U.S. Pat. No. 5,157,201 discloses that organic sulfur species, primarily comprising organic sulfides, disulfides, and mercaptans, can be adsorbed from olefin streams, without saturating the olefins, by contacting the feed with a metal oxide adsorbent at relatively low temperatures (50 to 75° C.), in the absence of hydrogen. The metal oxide adsorbent includes metal oxides selected from a group consisting of a mixture of cobalt and molybdenum oxides, a mixture of nickel and molybdenum oxides and nickel oxide supported on an inert support. The adsorbed organic sulfur compounds are removed from the sorbent by purging with an inert gas while heating at a temperature of about 200° C. for at least about 45 minutes. Although such low-temperature adsorption processes avoid any olefin saturation, these processes are limited to removal of lighter sulfur compounds such as mercaptans and organic sulfides and disulfides. These processes cannot be used effectively for removal of thiophenes, benzothiophenes, and higher cyclic sulfur compounds, which typically account for greater than 50% of the sulfur in FCC naphtha.

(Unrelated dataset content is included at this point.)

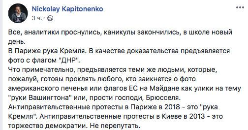 Антиправительственные протесты в Париже в 2018 - это "рука Кремля". Антиправительственные протесты в Киеве в 2013 - это торжество демократии. Не перепутать".

In summary, currently available and proposed technologies for reducing sulfur content of FCC naphtha feedstocks to levels of 30 ppmw or less are capital intensive, operationally complex, typically require significant hydrogen consumption, can severely reduce octane number values and/or result in loss in yield, and rely on expensive hydrotreating catalysts in whole or in part. In addition, the existing and proposed technologies rely on fixed-bed or bubbling-bed reactors resulting in limited throughputs and substantial capital investment.